This is Part I of a three-part series discussing the basic components of a professional liability lawsuit brought against an accounting firm and its partners; and the factors a firm’s managing partner should consider before and during this type of litigation for utilizing applicable insurance coverage, maximizing effectiveness of defense and, where possible, bringing the controversy to conclusion by settlement. Part I focuses on the current litigation environment for accounting firms, relevant provisions in engagement letters, responding to subpoenas, professional liability insurance, and the risk of instigating a professional liability counterclaim in a fee-collection action. Part II will cover differences between litigation in state and federal courts, and in private arbitration, initial assessment of a professional liability claim, development of defense strategy, and the stages of litigation from the initial pleadings through discovery. Part III will cover the latter stages of litigation from summary judgment proceedings through trial and will conclude with the mechanics of and strategies for settlement negotiation.

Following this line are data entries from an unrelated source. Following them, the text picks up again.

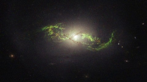 One of these Voorwerpjes clearly shows that the green illumination is coming from gas well outside the main galaxy, which itself shows evidence of new star formation and activity near its core. There are many regions rich in this green emission that do not have identifiable stars in them. (NASA, ESA, W. KEEL (UNIVERSITY OF ALABAMA), AND THE GALAXY ZOO TEAM)
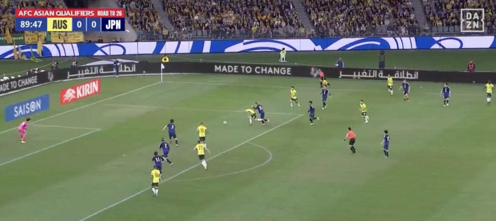 左からジョグしてる久保より近い位置に味方選手おったよね
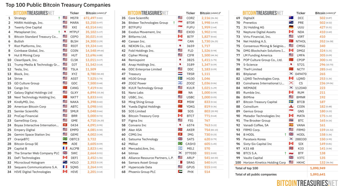 图5: Bitcointreasuries官网全球TOP100 BTC财库上市公司统计图
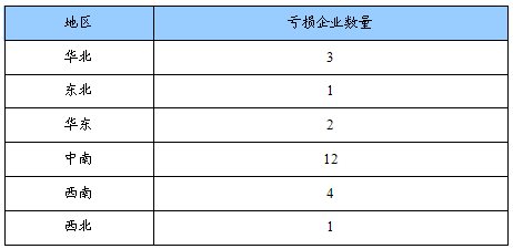 亏损企业数量地区分布状况
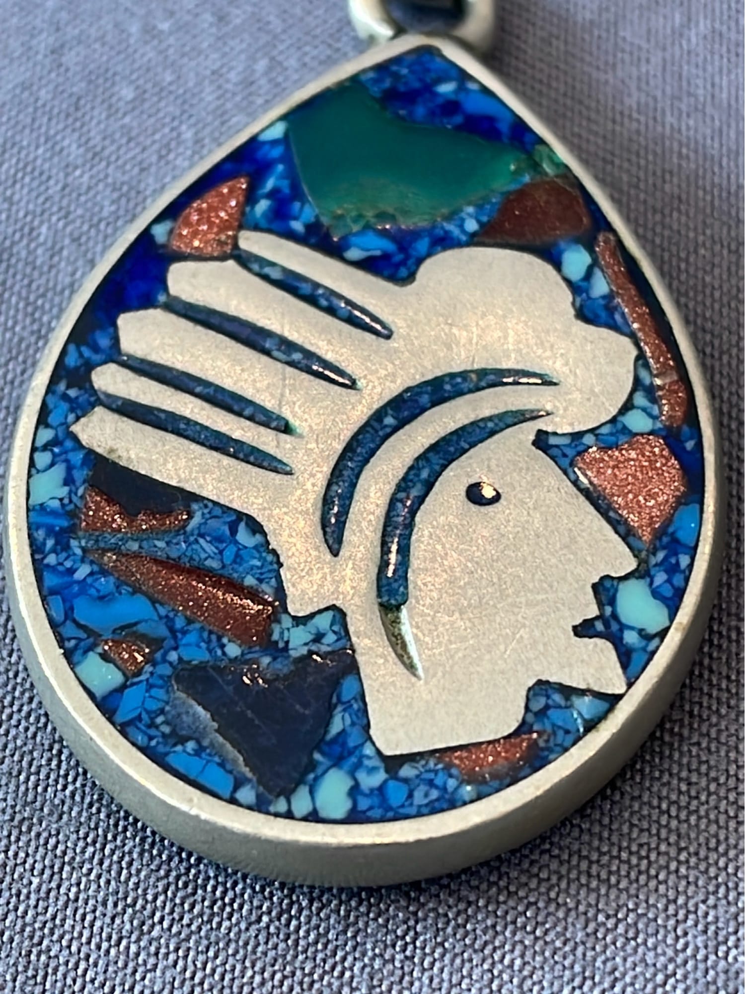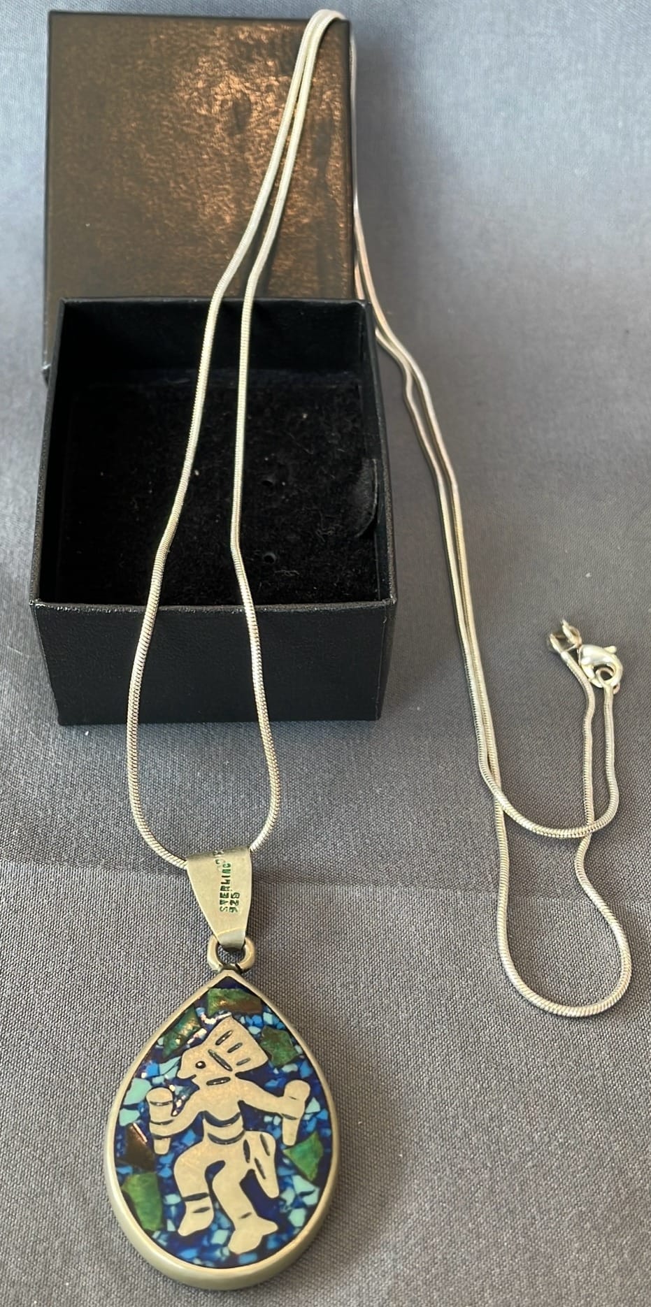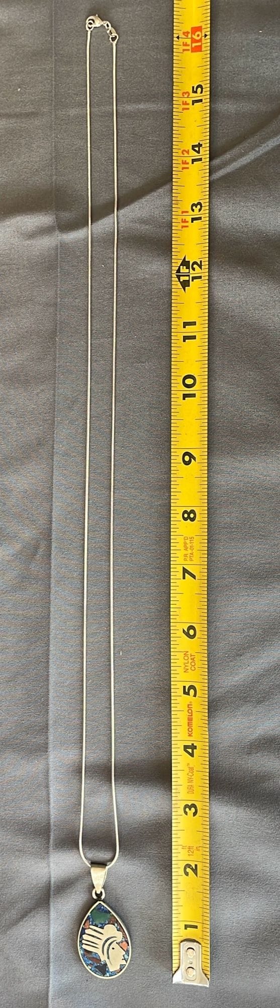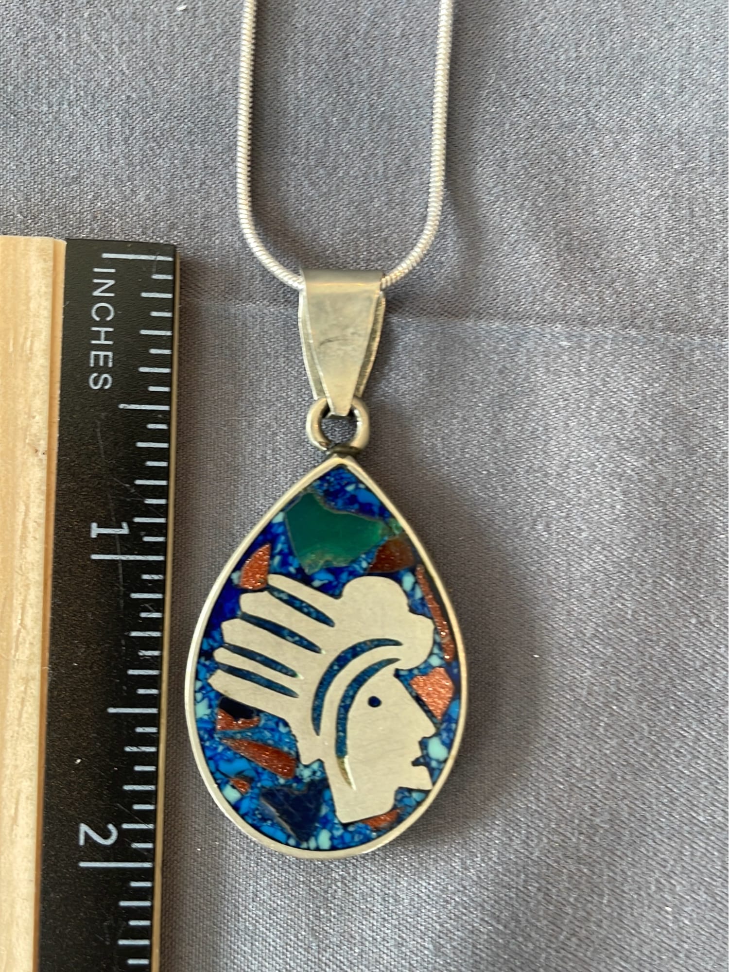 1103 Sterling Silver Teardrop Reversible Pendant - Mexico - On Sterling Chain with Box

liability-litigationAn unfortunate reality among accounting firm managing partners (MPs) is that at some point—if not more than once—while serving as MP, a client will sue one or more of your partners and the firm itself for professional malpractice. As primary leader of your firm, at first you will experience disbelief and denial that a client has blamed your partners and firm for a financial reporting error the client itself caused, mostly or entirely due to its own incorrect accounting entries, which normal and proper review procedures were not designed or intended to detect or correct. Once past the initial grief, anger, or both, as your firm’s leader, you will need to move forward by working with lawyers that you, your firm’s general counsel, or its professional liability insurer have selected to defend the claim, toward navigating the mater to resolution. This article will aid the accounting firm MP in traversing, with the guidance of legal counsel, the typically rough terrain encountered in defending a professional liability lawsuit. Readers of this article will be able to sleep at night while dealing with this challenge, in part, because they and their firms were prepared for it well before the lawsuit was filed.

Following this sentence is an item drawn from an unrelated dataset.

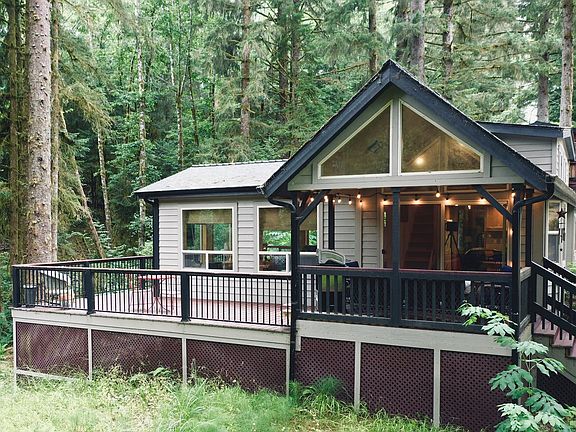 Wooded oasis! With beautiful trees surrounding this cabin, It offers an enchanting environment filled with the sounds of song birds, Waves crashing across the road at Whaleshead Beach, Trees dancing in the wind and sometimes, Nothingness. The large wraparound deck with TREX decking accompanied by Rod Iron railing and TREX handrails makes it easy to relax no matter the season as there is also a covered portion right off of the front sliding glass door which is excellent for outdoor hangouts and grilling, even in the winter! Once you step into this cabin you are immediately welcomed by a generous sized living area that overlooks the lush forest as well as an ample sized kitchen and dining area. The loft offers a great additional space for guests as well as relaxation with its treehouse like setting. The primary bedroom is set up as a suite with a sink that looks straight into the trees rather than a mirror. On top of having storage and a closet, There is also a sliding glass door that leads out to the wraparound deck from this bedroom. Appliances are included and some furnishings, too. Features and upgrades include Leaf gutters & downspouts, New roof, New exterior and interior paint, New front door and slider in the bedroom, On demand hot water as well as a large driveway for parking multiple vehicle. Not to mention it is just across the road from Whaleshead Beach, Close to local hiking trails and Viewpoints. Rivers, Mountains and the Pacific Ocean are all at your fingertips in beautiful Brookings, OR. Land is leased through Whaleshead Beach Resort and Cabins can be in the rental pool if you desire. Come see the beauty in person!
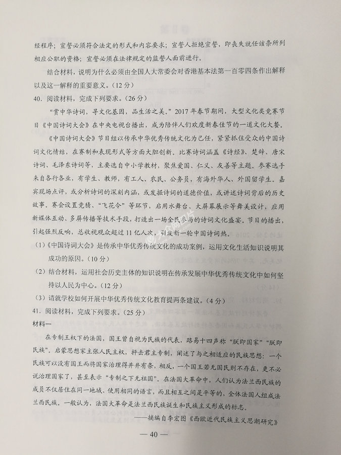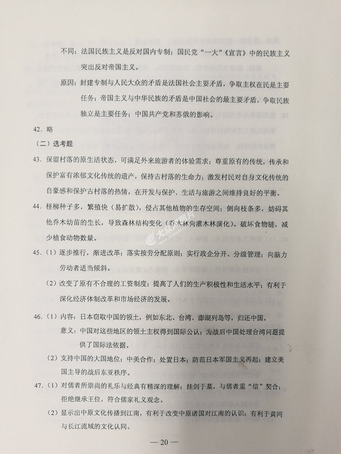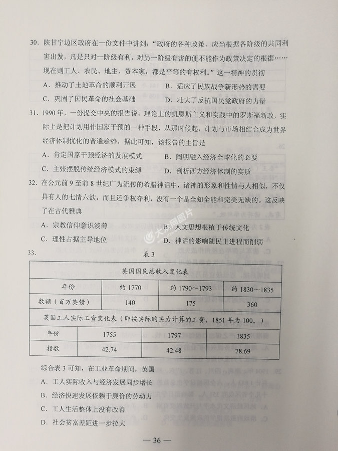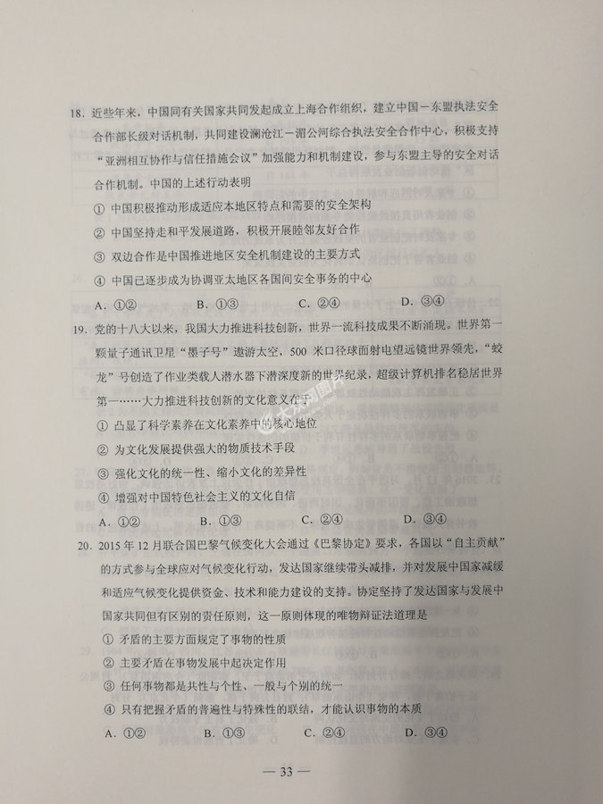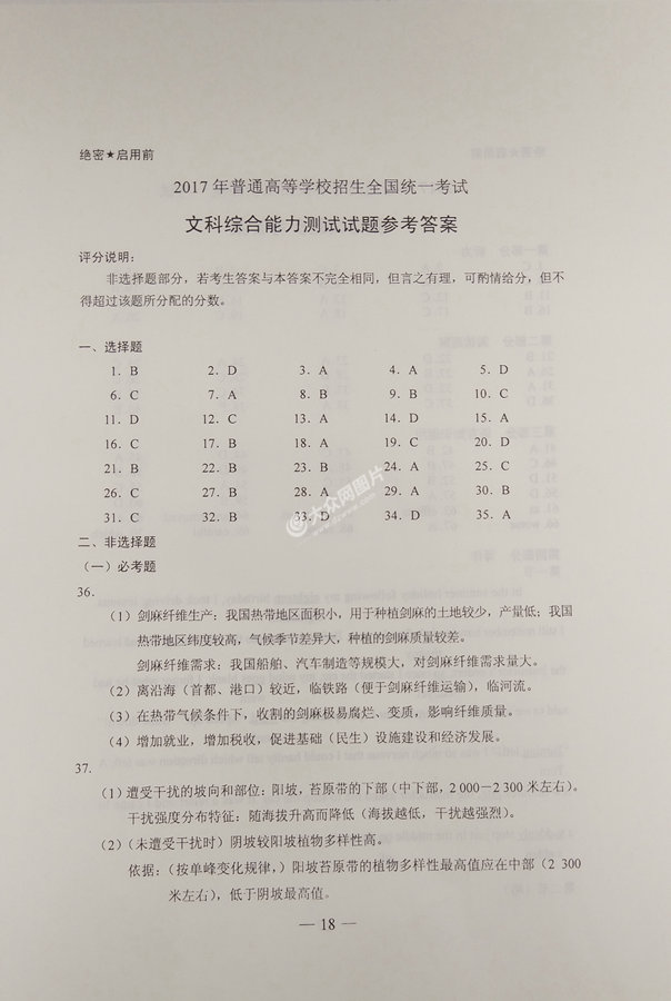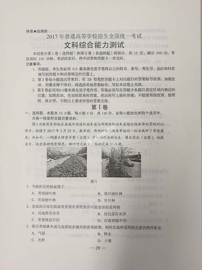 2017年山東高考文科綜合試題及答案

Litigation Environment for Accounting Firms
Before looking at how you and your firm readied yourselves for the humbling, potentially devastating experience of being sued for an alleged professional error, let’s briefly consider what industry analysts have been seeing in the accounting malpractice arena. This subject has been addressed by at least two research teams in recent years. In 2011, professor Ross Fuerman and his team at Suffolk University conducted a pre- and post-Sarbanes-Oxley study of 1,169 lawsuits filed from 2001 through 2008. The results showed a perceptible decrease in auditor liability risk and award size. Similarly, a 2009 study by the Ives Group reported that securities class action lawsuits against the “Big Four” firms peaked in 2003, against second-tier national audit firms in 2003 through 2007, and against third-tier regional audit firms in 2003 and 2004.

The less-encouraging news is that accounting malpractice suits persist as a byproduct of fraudulent activities by businesses and individuals in the aftermath of the recession and financial crisis. There are few major bankruptcies, liquidating receiverships, or bank failures where the failed entity, its insolvency fiduciary, creditors, or investors do not take a close look at whether a viable malpractice claim can be asserted against the defunct entity’s former accountants. This type of investigation is made routinely toward tapping the accountants’ professional liability insurance as a source of partial repayment of creditors.

Engagement Letters
Once served or threatened with a malpractice suit, the first line of defense will be your firm’s engagement letter with the client. The engagement letter should be in place long before the alleged professional error occurs. Apart from scope and reliance limitations, there are a number of key provisions your firm should include in its standard engagement letter, most of which are procedural, that may be pivotal in positioning a successful defense. One such provision is a clause requiring that any dispute relating to the engagement be resolved by binding arbitration.
Arbitration is not a complete antidote for the extraordinary expense, bad publicity, and punitive damage exposure commonly associated with lawsuits filed in state and federal courts. But, arbitration does tend to lessen these types of disadvantages of formal legal action. Although comparative advantages of arbitration over conventional litigation have been questioned in recent years, on balance, arbitration is completed faster than a lawsuit, incorporates principles of equity and fairness more so than conventional litigation, and often is more conducive to achieving pre-trial settlement.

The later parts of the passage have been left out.